→ **EXERCISE INSTRUCTIONS**
Once you reach the line with "2)- Completino leggero" in the material below, copy each line exactly up to and including the line with "Autumn Martin Boots", and skip the pictures.

→ **INFORMATION PROVIDED**

──────────────────────────────

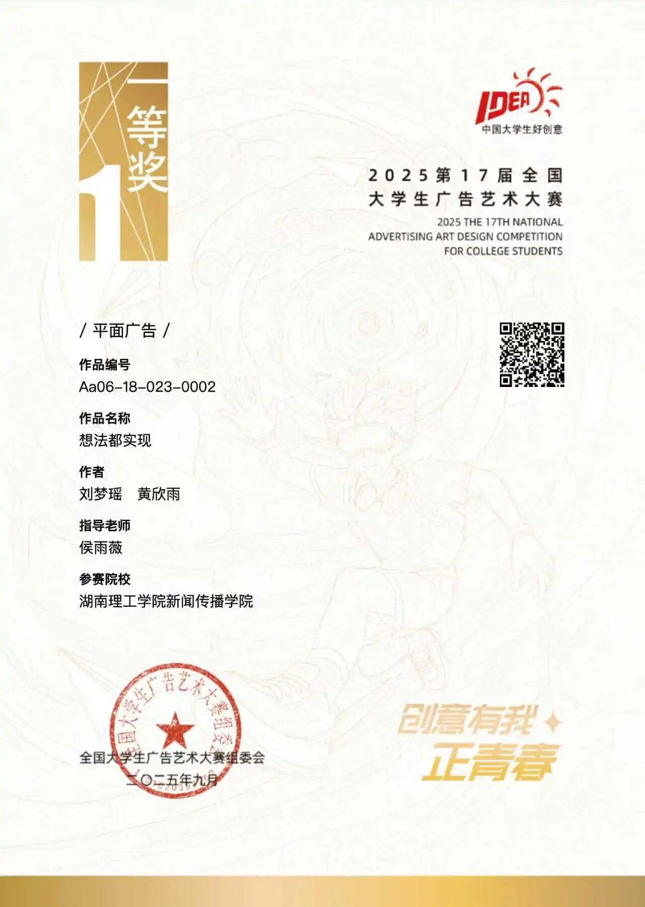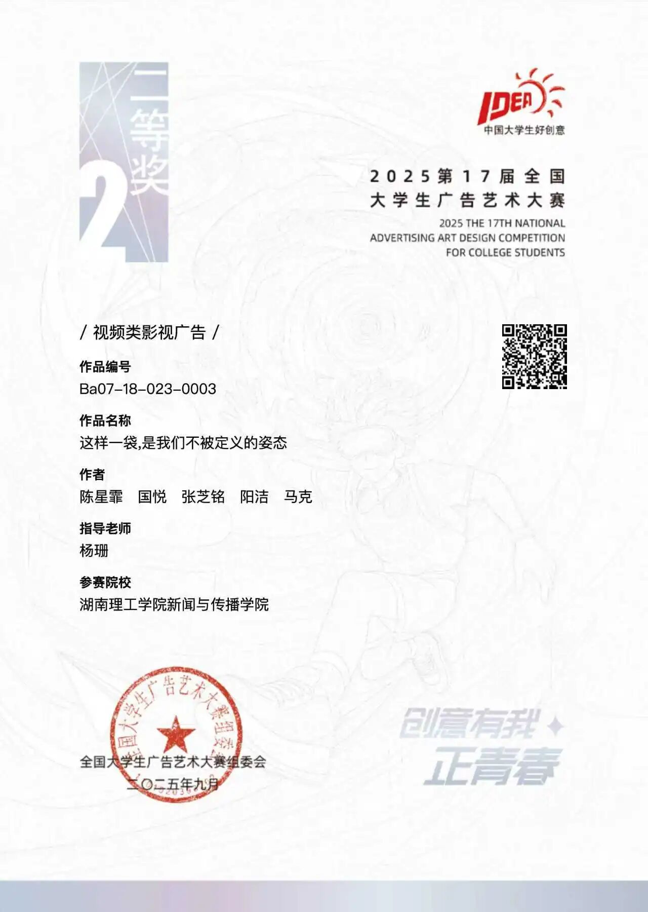 學(xué)生劉夢(mèng)瑤、黃欣雨的作品《想法都實(shí)現(xiàn)》獲平面廣告類(lèi)一等獎(jiǎng);陳星霏、國(guó)悅、張芝銘、陽(yáng)潔、馬克的作品《這樣一袋,是我們不被定義的姿態(tài)》獲視頻類(lèi)影視廣告二等獎(jiǎng);鄧建婷、王月、李聰?shù)淖髌贰段⒁曨l》獲營(yíng)銷(xiāo)創(chuàng)客微視頻類(lèi)三等獎(jiǎng)。
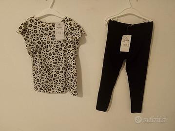 2)- Completino leggero (100% cotone) marca Takko Fashion - bambina 6/7 anni 122 cm, composto da una maglietta a maniche corte con stampa animalier e leggings neri.
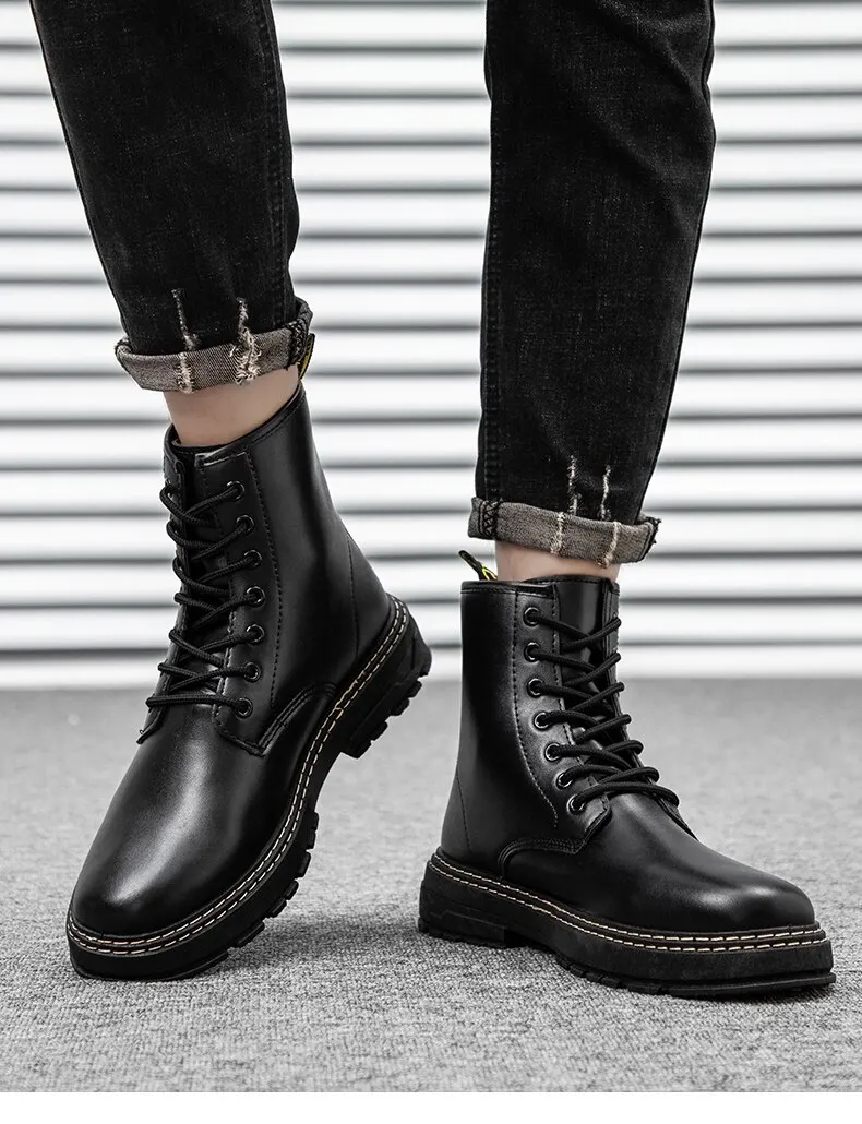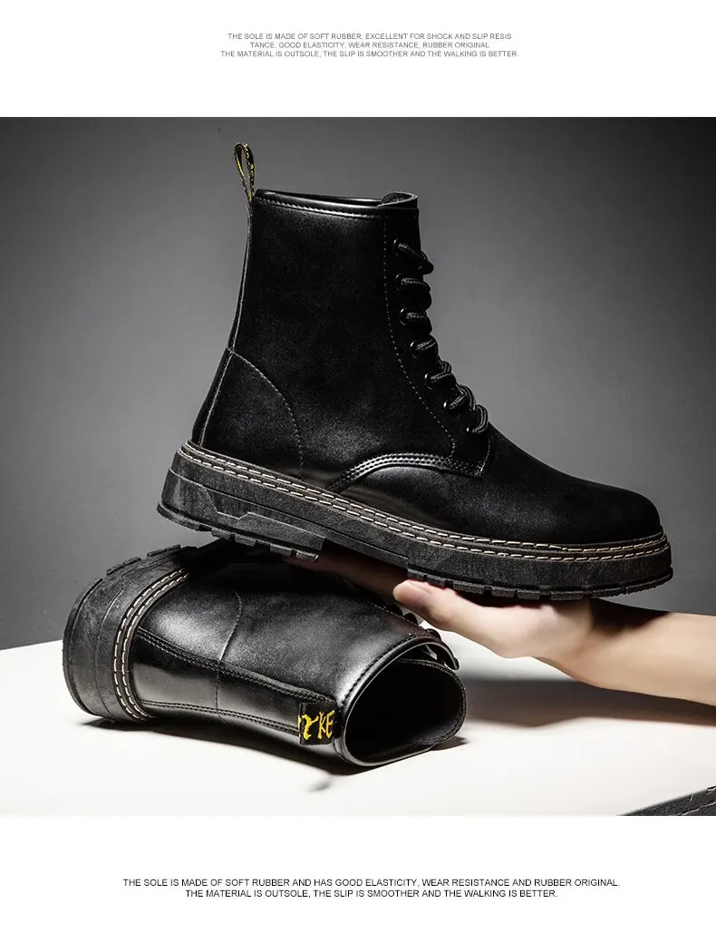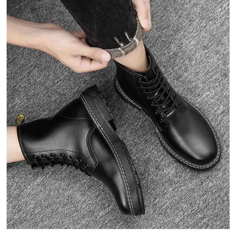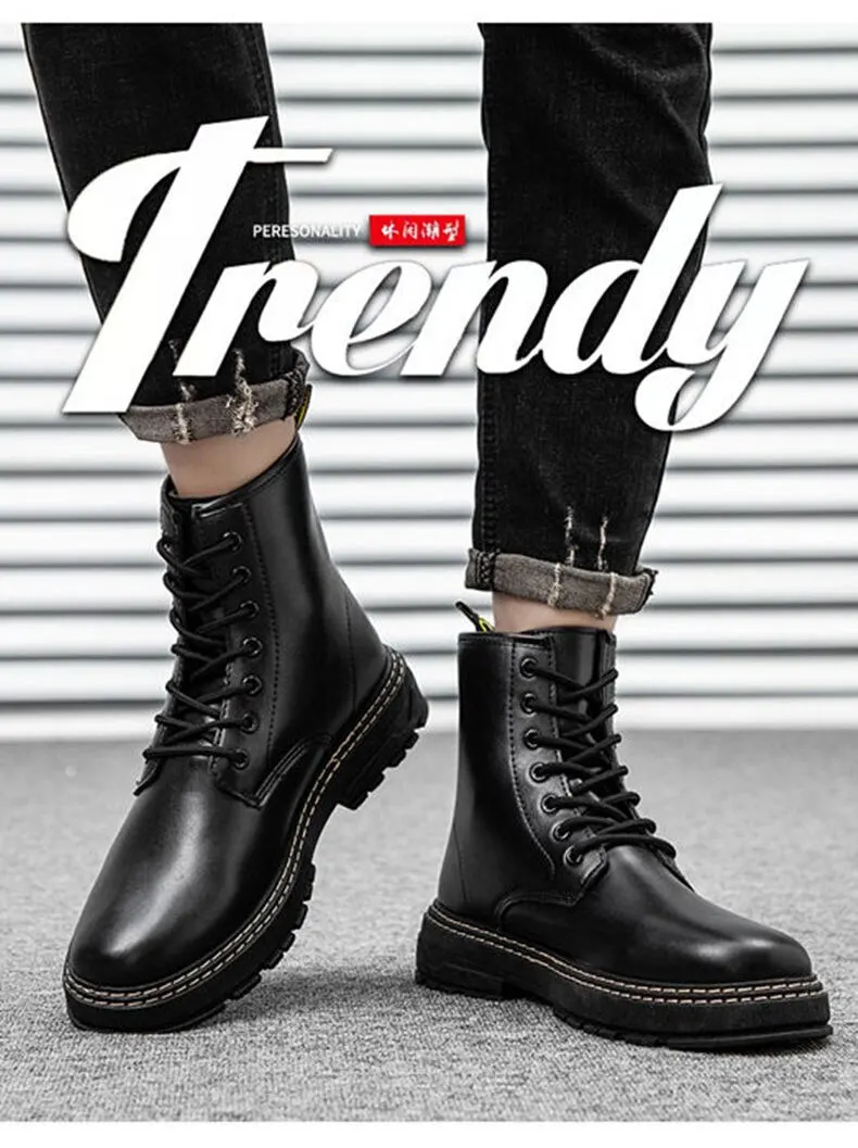 Autumn Martin Boots High Top Fashion Boots Popular Military Boots British Style Black Men's Leather Boots
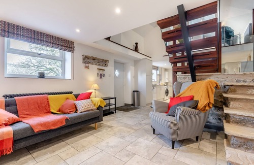 Offering underfloor heating and a comfortable interior with a stylish touch, this delightful cottage for two is an ideal base for lovers of the outdoor planning to explore the beautiful Peak District National Park. Set in the village of Peak Forest, it is close to a network of scenic walking trails, along with pretty villages such as Tideswell, the ‘Cathedral of the Peaks’, and Miller’s Dale (both within 5.5 miles). Below ground, Peak Cave (6 miles), deep inside a gorge beneath Peveril Castle, is said to be the largest natural cave entrance in the UK and illustrates the lost, subterranean world of Derbyshire lead miners. The splendid spa town of Buxton (5.5 miles) claims to have it all for every visitor, from the healing waters to strolling through wonderful ornamental grounds such as the 10-acre Pavilion Gardens, and enjoying a vibrant range of music, theatre and festivals. Enter what seems to be a small stone cottage to find a light, bright and spacious interior beneath a vaulted ceiling with beams and skylights. A staircase with glass panels on either side leads up to this delightful mezzanine floor, which houses a country-style wooden double bed. On the ground floor, with an open-plan living space, a short flight of original stone steps tucked behind the new staircase links past and present. Watch the Smart TV or make plans for tomorrow on comfortable seating that includes a sofa and chairs decked with bright cushions. Books, pictures and plants add a homely touch and windows offer garden views. At the other end of the room, the well-planned kitchen has all the would-be chef might need to rustle up tasty dinners for two at the pretty dining table. A swish bathroom, with a free-standing bath and a walk-in shower, completes the layout of this cosy country hideaway. Outside, there is a small garden area to the front.

──────────────────────────────

→ **SOLUTION FOR THIS PROBLEM**
 2)- Completino leggero (100% cotone) marca Takko Fashion - bambina 6/7 anni 122 cm, composto da una maglietta a maniche corte con stampa animalier e leggings neri.
 Autumn Martin Boots High Top Fashion Boots Popular Military Boots British Style Black Men's Leather Boots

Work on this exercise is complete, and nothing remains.